The Venlo affair was a real failure of professionalism, especially on the part of Kendrick’s colleague Claude Dansey, head of the Z Organisation, of which Payne Best and Stevens were members. Venlo badly damaged the unique position of SIS in Britain – for reasons that relate to the intense rivalry between SIS and MI5 (Britain’s security service responsible for security on British soil). Historically, SIS – like its parent, the Foreign Office – recruited mainly from certain exclusive public schools in the UK and from the universities of Oxford and Cambridge. Its objective was to create sources to provide the best intelligence from abroad so as to defend the realm; it was therefore not interested in seeking justice, and it used questionable people with suspect backgrounds. MI5, on the other hand, was all about security and therefore was made up primarily of police officers and non-senior army officers. Some of its staff were recruited from private schools – but not the same ones that supplied SIS. MI5’s brief was to bring to justice anyone who threatened the realm from inside the borders of the UK. And although SIS and MI5 worked together up to a point, there was intense hostility and different emphases.

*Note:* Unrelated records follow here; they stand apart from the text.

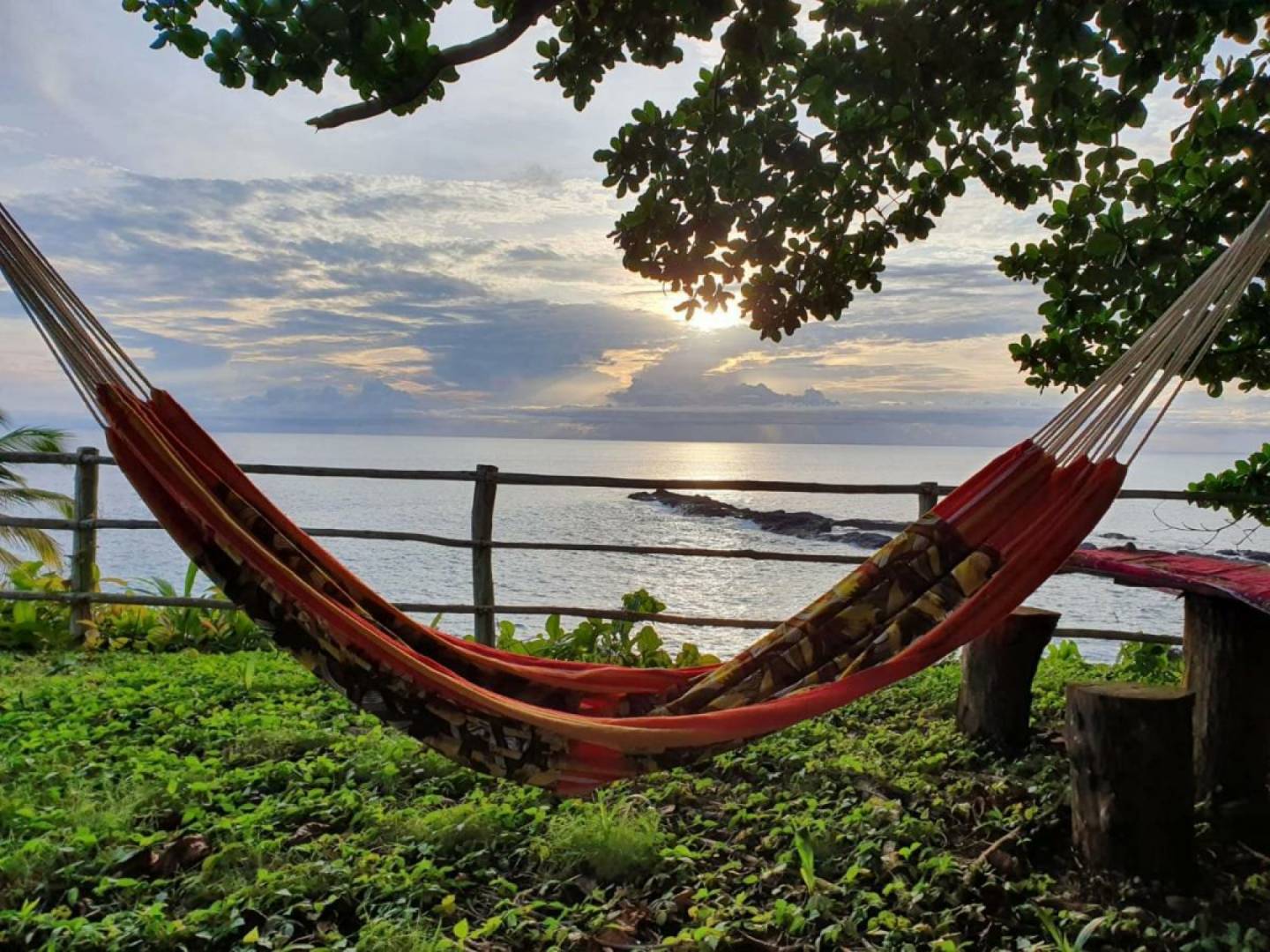 Die Gomela Ecolodge ist eine kleine, einfache Lodge mit einzigartiger Atmosphäre direkt am schönsten Strand von Sao Tome, dem Praia Piscina, an der Südspitze der Insel. Die Unterbringung erfolgt in gut ausgestatteten, rustikalen Bungalows mit begrenztem Stromzugang (die durch Solarpaneele erzeugt wird) und ohne Warmwasser (das Ihr bei diesen tropischen Temperaturen nicht wirklich vermissen werdet). Das Essen ist köstlich und der Service der Besitzer ist hilfsbereit und freundlich. Was uns am meisten gefällt, ist der schöne Blick auf den Strand von der Terrasse aus, der spektakulär ist.
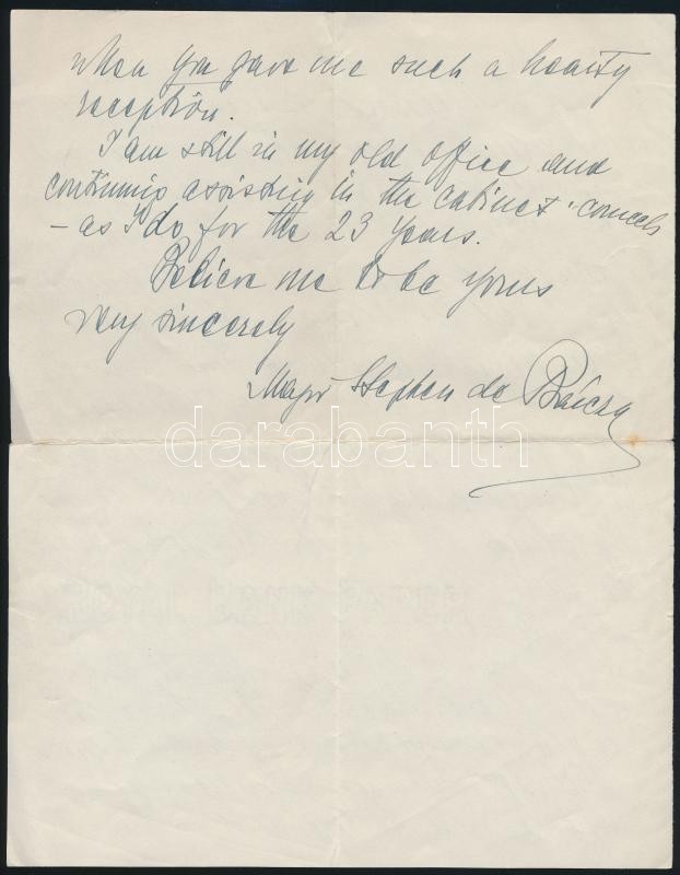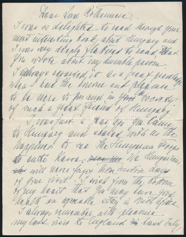 cca 1925 Bárcziházi Bárczy István (1882-1952) államtitkár autográf levele lord Rothermere, magyar revízió támogatójának a Daily Mail tulajdonosának személyes hangvételben. A levélben megköszöni, amit Magyarországért tesz. Két beírt oldal
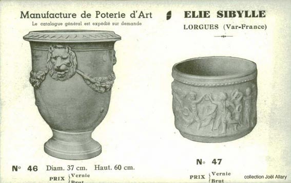 Produits de la fabrique de céramique Elie Sybille
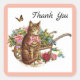 Katze im Blumengarten Vintag Danke Quadratischer Aufkleber
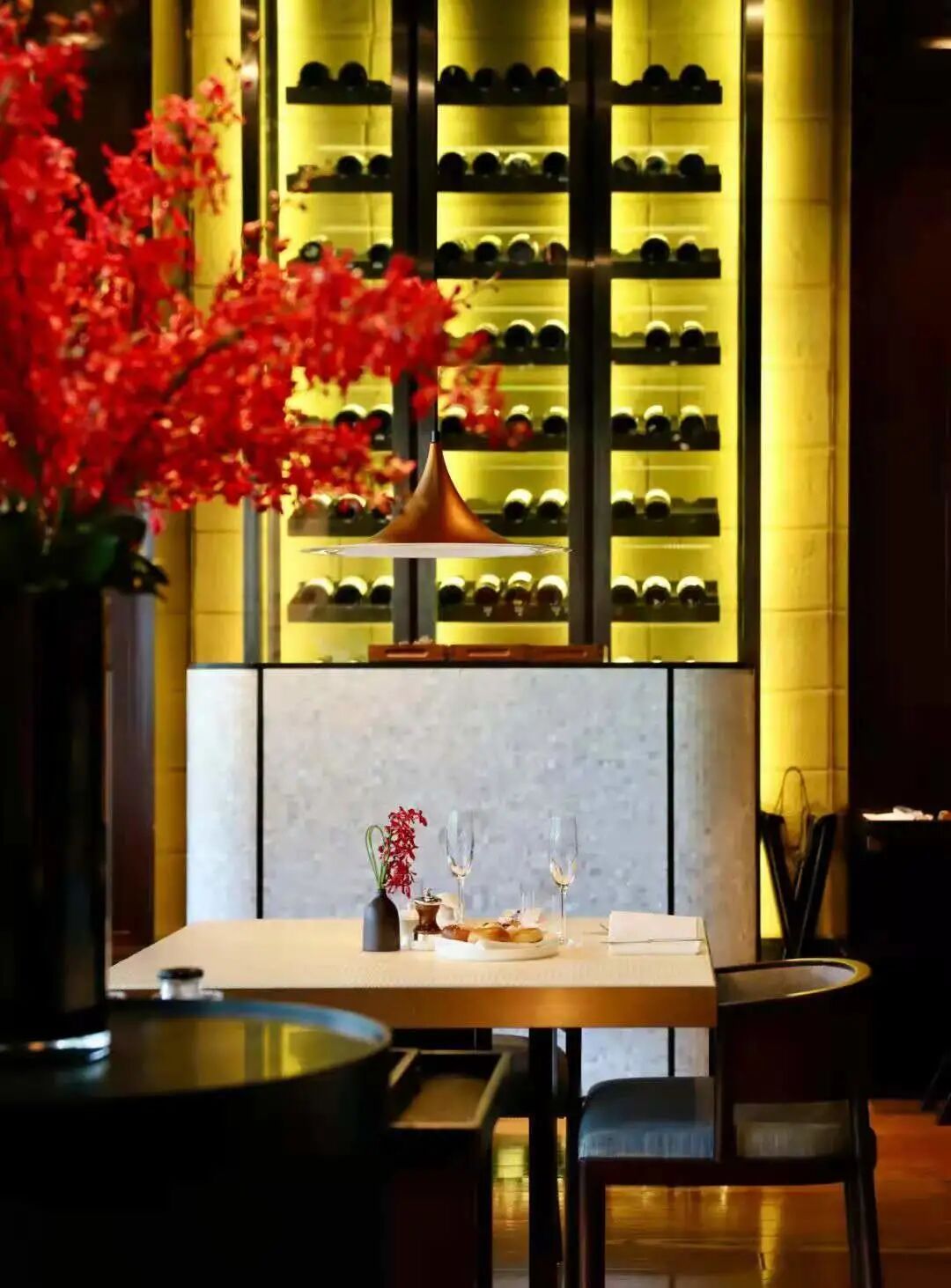 PHÉNIX巨大的落地窗外不是广阔的浦江风光,也不是车水马龙的高空景观,只有茂密的水杉和竹林隐去了繁华都市的喧闹。Living room式的舒适吧台和隐秘小巧的用餐区各自成趣,让人还未用餐就心情大好。

Within six months of Venlo, Britain had a new prime minister, Winston Churchill, who was prepared to countenance a new type of foreign intelligence and operations – ungentlemanly warfare – which broke the mould of the public-school ethos. By 1942 – albeit under pressure from Labour coalition members – he had sanctioned the creation of the Special Operations Executive (SOE). Because of Venlo, SIS and SOE, as well as the new branch of military intelligence MI9, tried to function independently, especially in their escape lines during the Second World War.33

How could the British secret service survive the catastrophe of Venlo?

The answer was to be found nearly 350 miles away, in north London. Kendrick had just requisitioned an estate near Cockfosters and was about to expand his eavesdropping operations. The Combined Services Detailed Interrogation Centre (CSDIC) at Trent Park would allow him to process far more enemy prisoners. The rather clunky name of this unit obscured its real purpose: it was to become the biggest bugging operation ever mounted against an enemy of Britain. Kendrick would go on to orchestrate the greatest deception against Hitler’s generals – a slow subterfuge that would ultimately help shorten the war and enable SIS to survive Venlo.